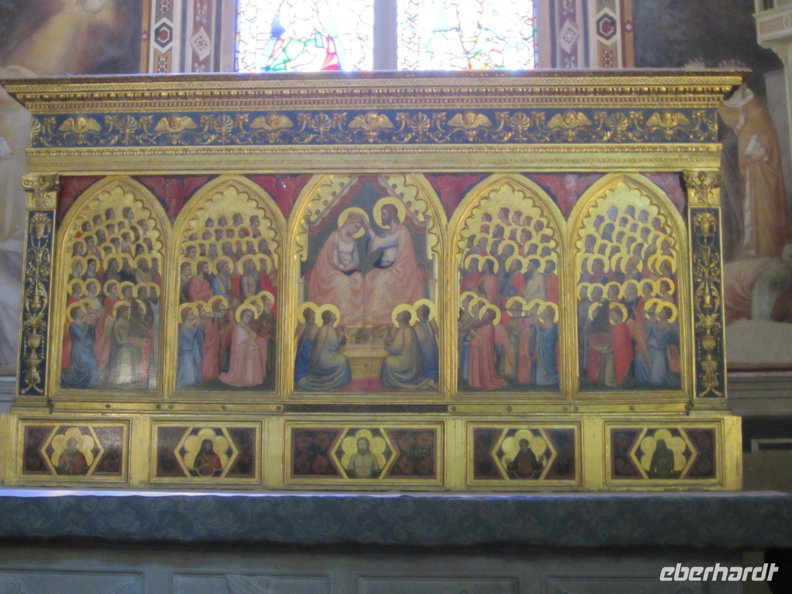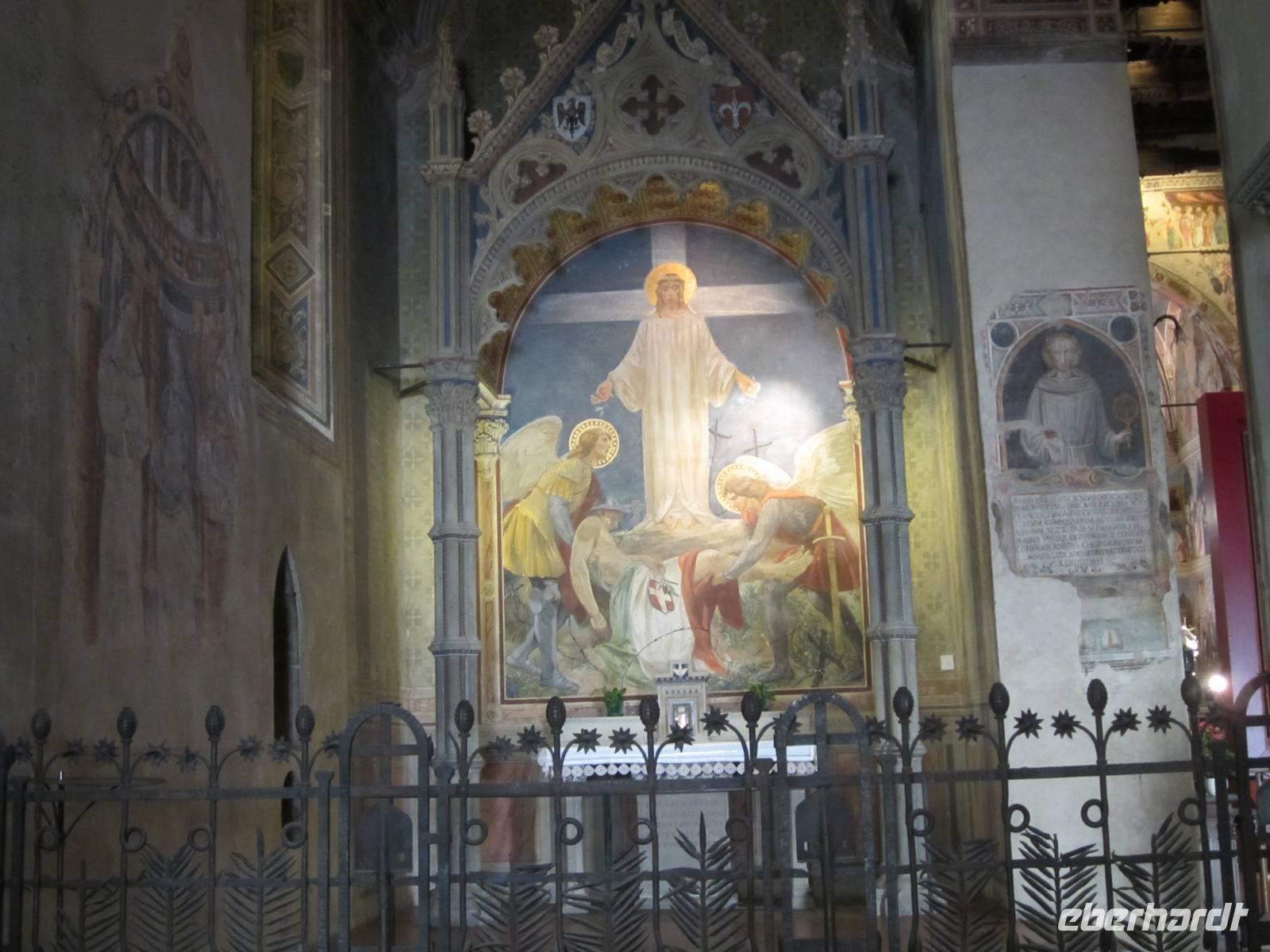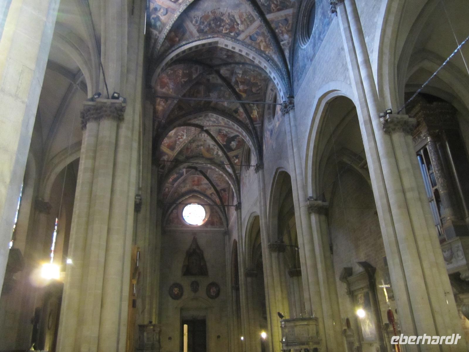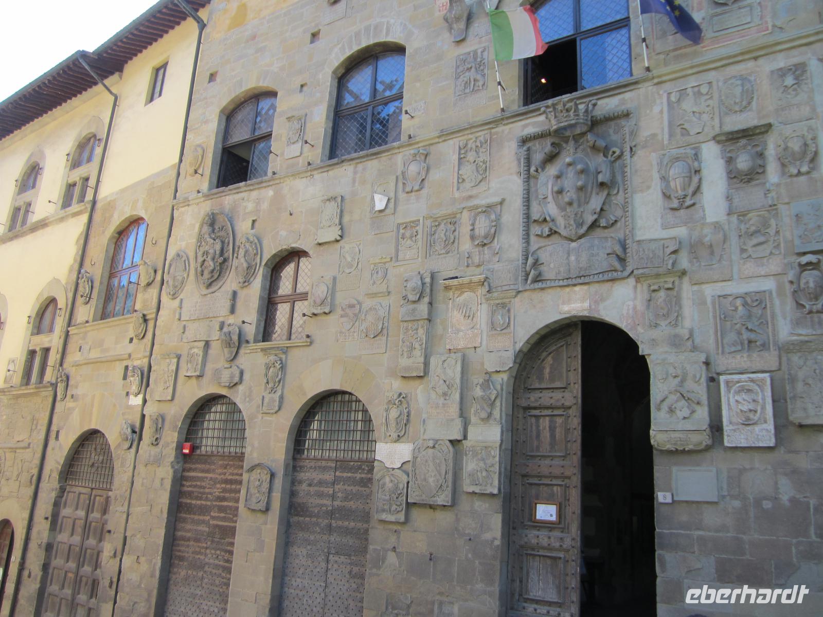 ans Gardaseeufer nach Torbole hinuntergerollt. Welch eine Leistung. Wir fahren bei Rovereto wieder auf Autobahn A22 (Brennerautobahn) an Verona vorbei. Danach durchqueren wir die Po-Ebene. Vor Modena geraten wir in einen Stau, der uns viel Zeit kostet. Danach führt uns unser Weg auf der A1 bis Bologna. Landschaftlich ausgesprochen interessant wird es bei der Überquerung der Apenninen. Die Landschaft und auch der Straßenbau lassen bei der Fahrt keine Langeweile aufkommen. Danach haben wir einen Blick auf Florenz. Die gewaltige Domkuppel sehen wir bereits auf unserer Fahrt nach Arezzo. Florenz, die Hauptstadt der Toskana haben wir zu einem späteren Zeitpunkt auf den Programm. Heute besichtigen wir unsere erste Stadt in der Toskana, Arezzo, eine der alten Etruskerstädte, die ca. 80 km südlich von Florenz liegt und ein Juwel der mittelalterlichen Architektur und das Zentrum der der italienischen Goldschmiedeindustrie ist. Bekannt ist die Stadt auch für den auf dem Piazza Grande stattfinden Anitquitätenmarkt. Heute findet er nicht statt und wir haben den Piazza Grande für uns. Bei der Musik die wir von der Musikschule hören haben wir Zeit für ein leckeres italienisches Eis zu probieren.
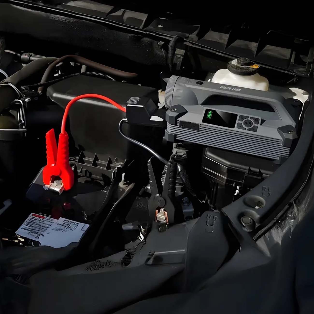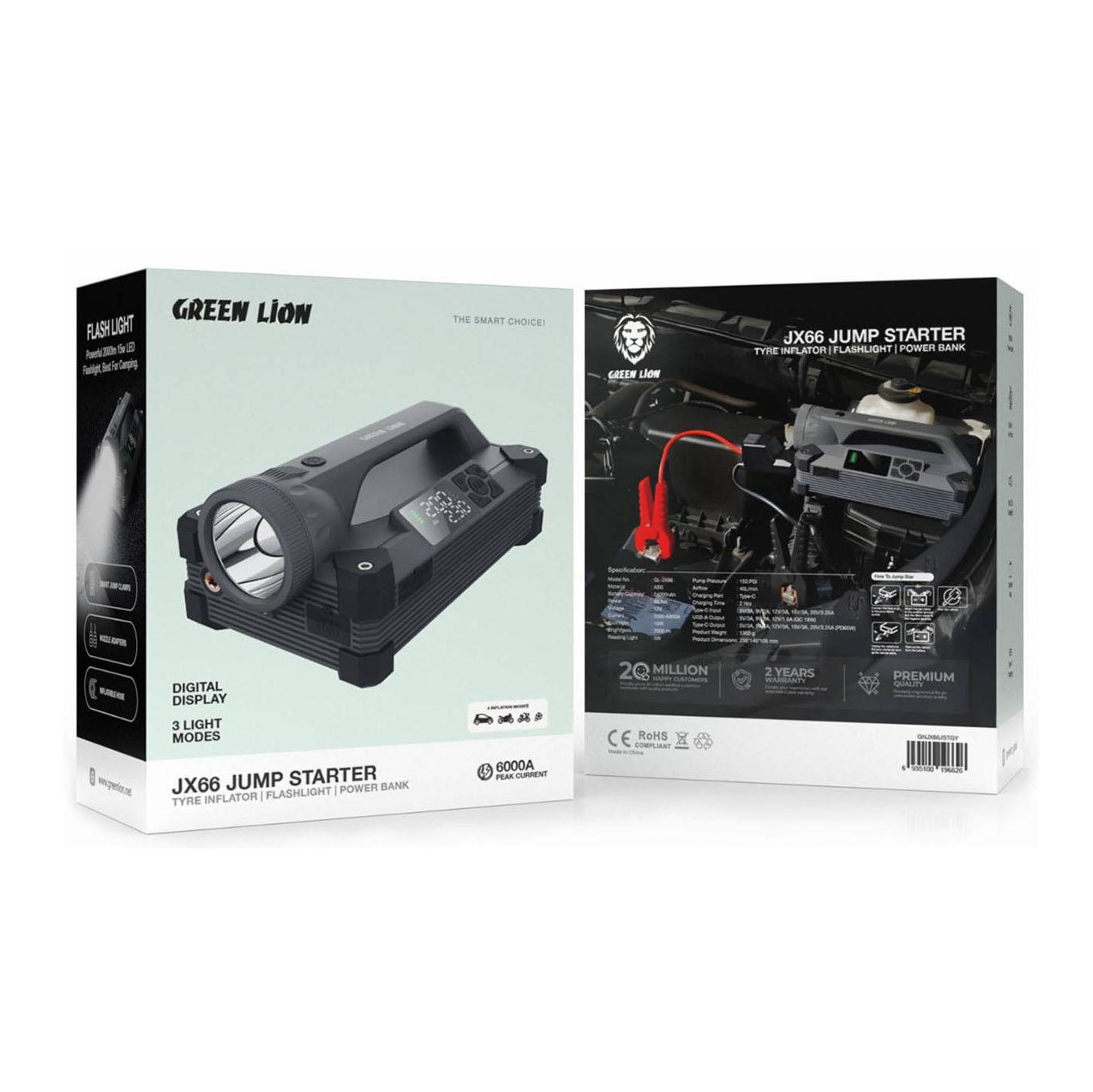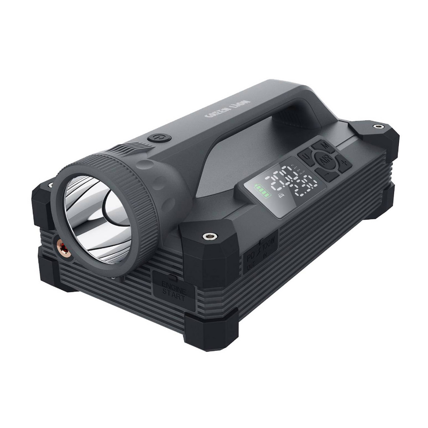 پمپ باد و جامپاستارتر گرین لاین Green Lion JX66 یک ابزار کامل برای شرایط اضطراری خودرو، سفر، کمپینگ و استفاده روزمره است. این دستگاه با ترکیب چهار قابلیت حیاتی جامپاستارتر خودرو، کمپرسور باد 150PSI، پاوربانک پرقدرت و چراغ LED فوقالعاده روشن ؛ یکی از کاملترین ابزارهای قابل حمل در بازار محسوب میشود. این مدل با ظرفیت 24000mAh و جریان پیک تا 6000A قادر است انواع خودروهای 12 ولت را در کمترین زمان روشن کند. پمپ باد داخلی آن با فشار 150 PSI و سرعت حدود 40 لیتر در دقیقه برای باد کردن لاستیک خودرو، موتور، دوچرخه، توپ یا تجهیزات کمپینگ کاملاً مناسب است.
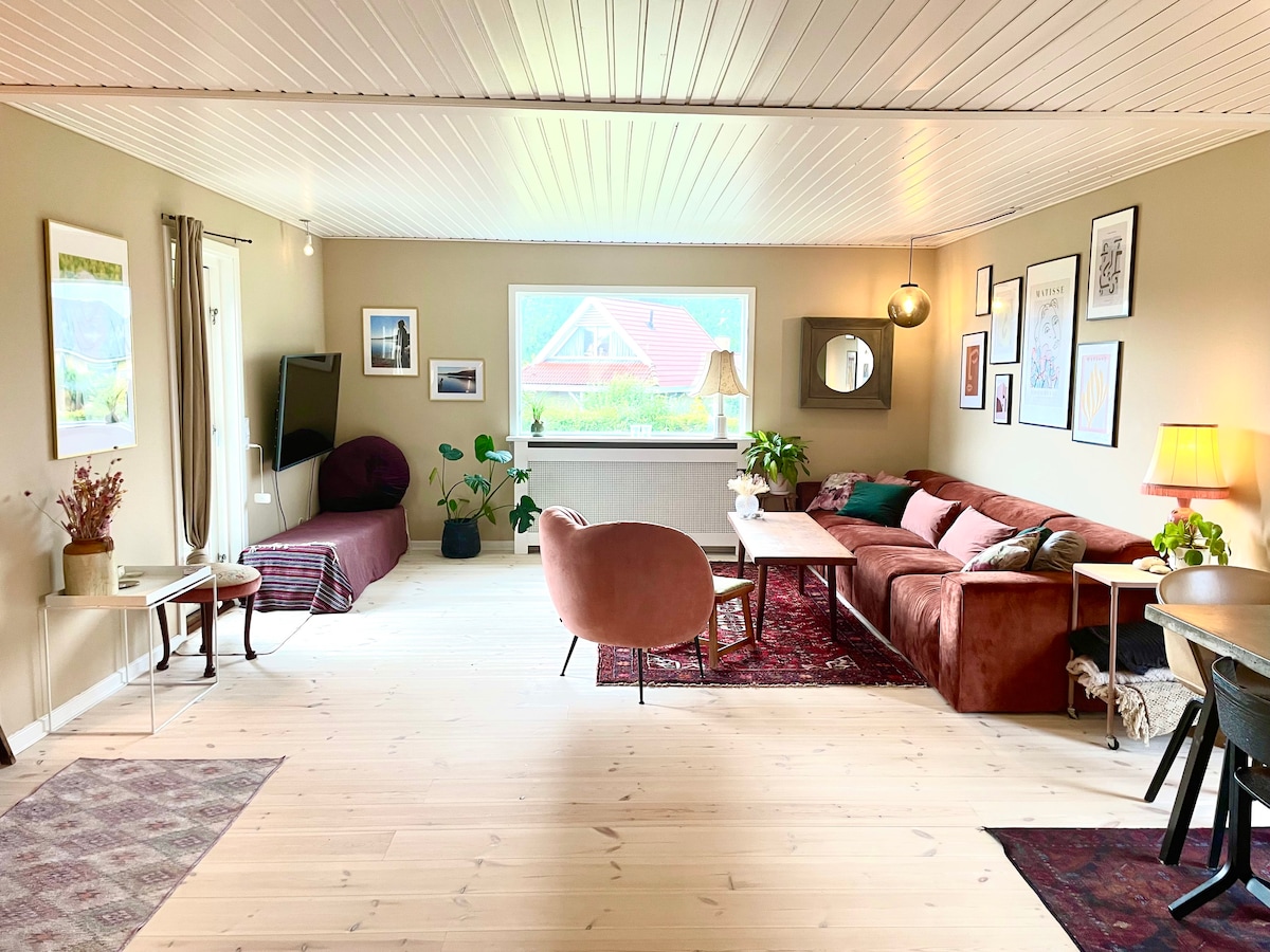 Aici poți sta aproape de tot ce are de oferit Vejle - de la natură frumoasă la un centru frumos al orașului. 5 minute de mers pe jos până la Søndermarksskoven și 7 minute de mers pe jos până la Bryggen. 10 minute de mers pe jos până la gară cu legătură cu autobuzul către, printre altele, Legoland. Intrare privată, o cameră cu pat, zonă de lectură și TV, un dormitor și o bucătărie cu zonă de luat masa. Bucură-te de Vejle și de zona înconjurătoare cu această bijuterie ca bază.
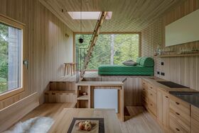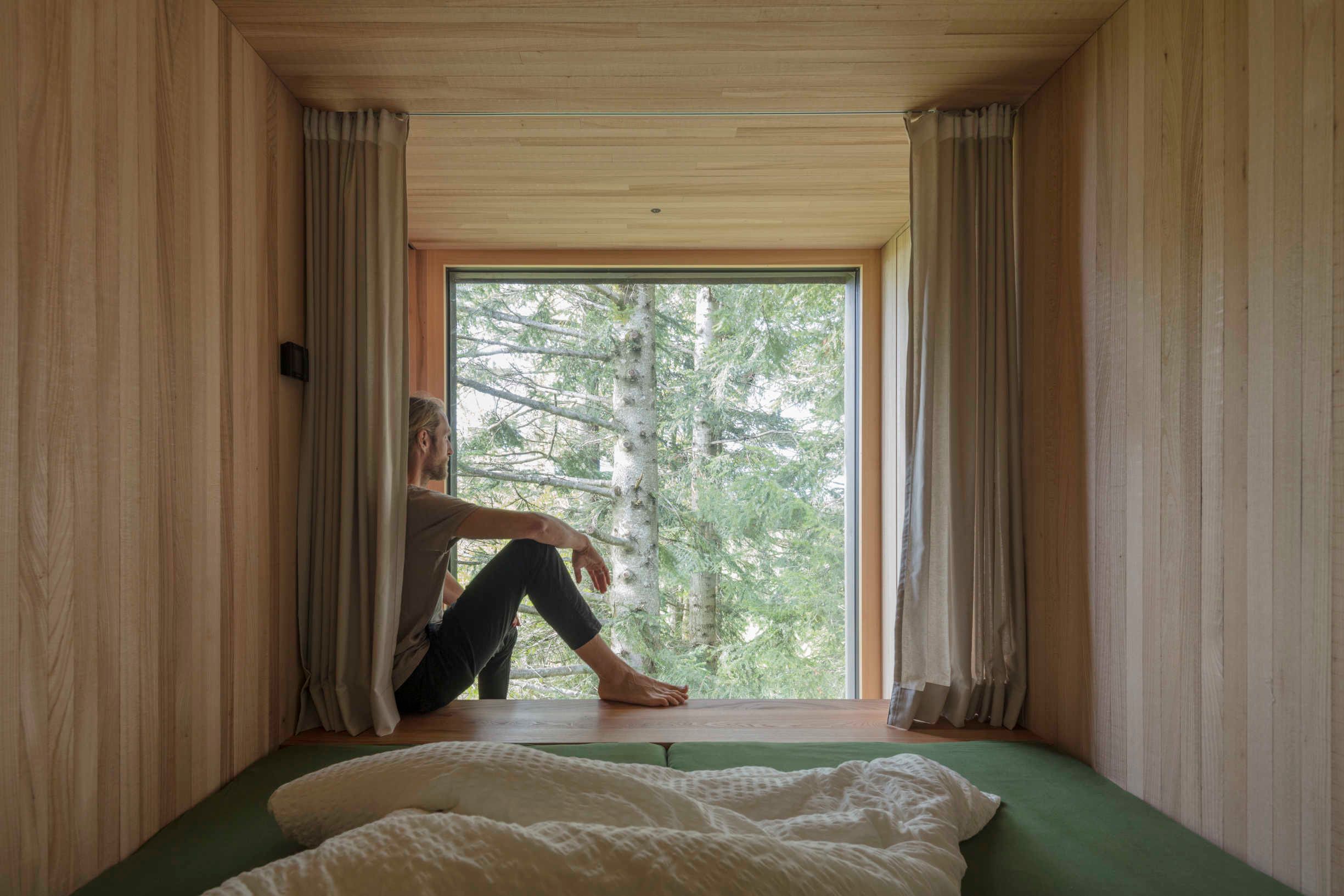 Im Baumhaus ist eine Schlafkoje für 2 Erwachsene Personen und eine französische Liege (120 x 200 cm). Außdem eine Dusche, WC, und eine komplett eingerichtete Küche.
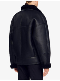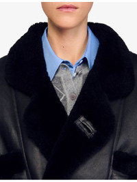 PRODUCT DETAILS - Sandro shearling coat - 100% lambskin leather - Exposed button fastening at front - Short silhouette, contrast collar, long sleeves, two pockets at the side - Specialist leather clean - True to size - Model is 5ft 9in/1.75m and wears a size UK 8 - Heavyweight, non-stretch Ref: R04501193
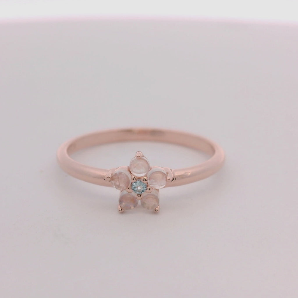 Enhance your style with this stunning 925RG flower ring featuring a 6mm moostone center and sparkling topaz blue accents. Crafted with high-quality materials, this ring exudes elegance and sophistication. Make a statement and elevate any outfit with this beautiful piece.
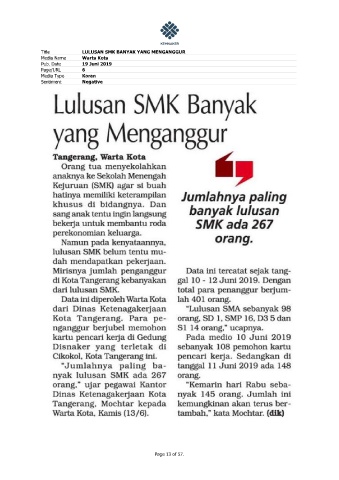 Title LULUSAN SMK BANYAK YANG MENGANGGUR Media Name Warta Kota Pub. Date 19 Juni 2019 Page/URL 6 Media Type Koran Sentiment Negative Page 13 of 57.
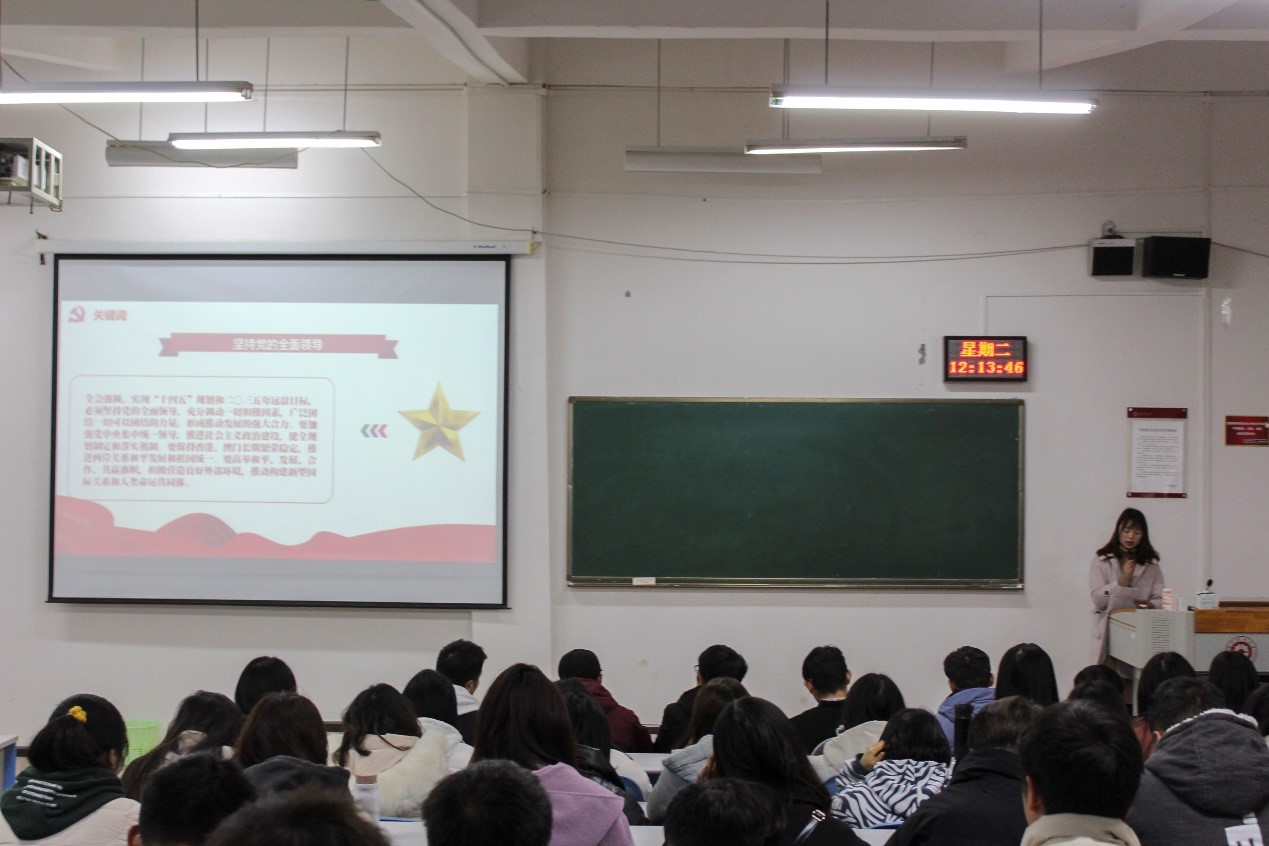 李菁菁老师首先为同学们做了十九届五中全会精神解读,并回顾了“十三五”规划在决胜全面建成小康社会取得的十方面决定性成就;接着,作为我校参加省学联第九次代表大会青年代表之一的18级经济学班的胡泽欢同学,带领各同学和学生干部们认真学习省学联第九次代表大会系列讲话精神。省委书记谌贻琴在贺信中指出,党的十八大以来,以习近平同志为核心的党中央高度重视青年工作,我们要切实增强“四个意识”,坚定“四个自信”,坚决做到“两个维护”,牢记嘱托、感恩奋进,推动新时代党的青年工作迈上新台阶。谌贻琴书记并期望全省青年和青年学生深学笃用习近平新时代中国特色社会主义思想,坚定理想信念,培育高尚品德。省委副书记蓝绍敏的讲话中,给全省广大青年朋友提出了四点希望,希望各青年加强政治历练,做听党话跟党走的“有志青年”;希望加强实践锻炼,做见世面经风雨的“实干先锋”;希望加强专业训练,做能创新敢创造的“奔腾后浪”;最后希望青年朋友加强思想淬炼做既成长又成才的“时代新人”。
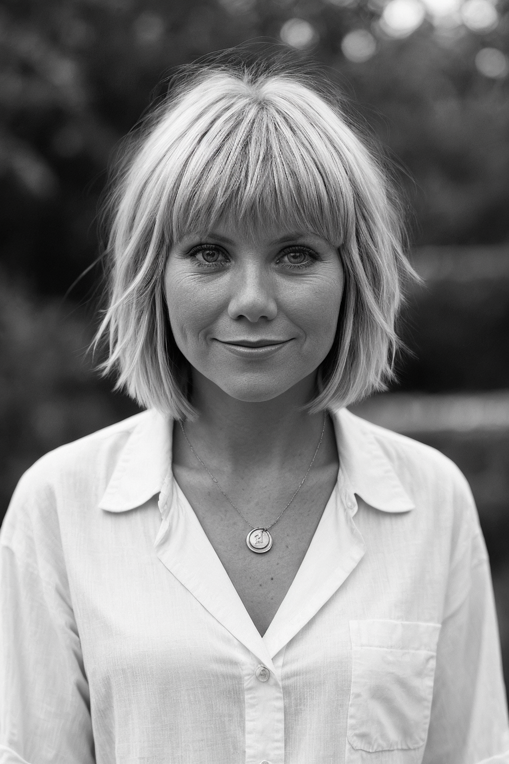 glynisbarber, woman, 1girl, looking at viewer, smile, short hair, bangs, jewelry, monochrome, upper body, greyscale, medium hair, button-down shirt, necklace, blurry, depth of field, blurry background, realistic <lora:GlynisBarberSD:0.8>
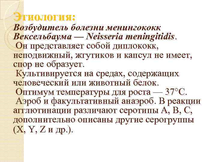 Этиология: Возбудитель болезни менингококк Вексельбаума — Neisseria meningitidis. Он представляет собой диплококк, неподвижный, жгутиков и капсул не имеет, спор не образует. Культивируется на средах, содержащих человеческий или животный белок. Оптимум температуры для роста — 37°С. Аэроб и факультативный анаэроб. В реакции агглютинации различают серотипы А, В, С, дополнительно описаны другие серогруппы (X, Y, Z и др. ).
::::
**TASK DETAILS**:
Write out the lines from the line with "李菁菁老师首先为同学们做了十" through the end of the records exactly; do not include pictures or any other lines.

**EXPECTED ANSWER**:
 李菁菁老师首先为同学们做了十九届五中全会精神解读,并回顾了“十三五”规划在决胜全面建成小康社会取得的十方面决定性成就;接着,作为我校参加省学联第九次代表大会青年代表之一的18级经济学班的胡泽欢同学,带领各同学和学生干部们认真学习省学联第九次代表大会系列讲话精神。省委书记谌贻琴在贺信中指出,党的十八大以来,以习近平同志为核心的党中央高度重视青年工作,我们要切实增强“四个意识”,坚定“四个自信”,坚决做到“两个维护”,牢记嘱托、感恩奋进,推动新时代党的青年工作迈上新台阶。谌贻琴书记并期望全省青年和青年学生深学笃用习近平新时代中国特色社会主义思想,坚定理想信念,培育高尚品德。省委副书记蓝绍敏的讲话中,给全省广大青年朋友提出了四点希望,希望各青年加强政治历练,做听党话跟党走的“有志青年”;希望加强实践锻炼,做见世面经风雨的“实干先锋”;希望加强专业训练,做能创新敢创造的“奔腾后浪”;最后希望青年朋友加强思想淬炼做既成长又成才的“时代新人”。
 glynisbarber, woman, 1girl, looking at viewer, smile, short hair, bangs, jewelry, monochrome, upper body, greyscale, medium hair, button-down shirt, necklace, blurry, depth of field, blurry background, realistic <lora:GlynisBarberSD:0.8>
 Этиология: Возбудитель болезни менингококк Вексельбаума — Neisseria meningitidis. Он представляет собой диплококк, неподвижный, жгутиков и капсул не имеет, спор не образует. Культивируется на средах, содержащих человеческий или животный белок. Оптимум температуры для роста — 37°С. Аэроб и факультативный анаэроб. В реакции агглютинации различают серотипы А, В, С, дополнительно описаны другие серогруппы (X, Y, Z и др. ).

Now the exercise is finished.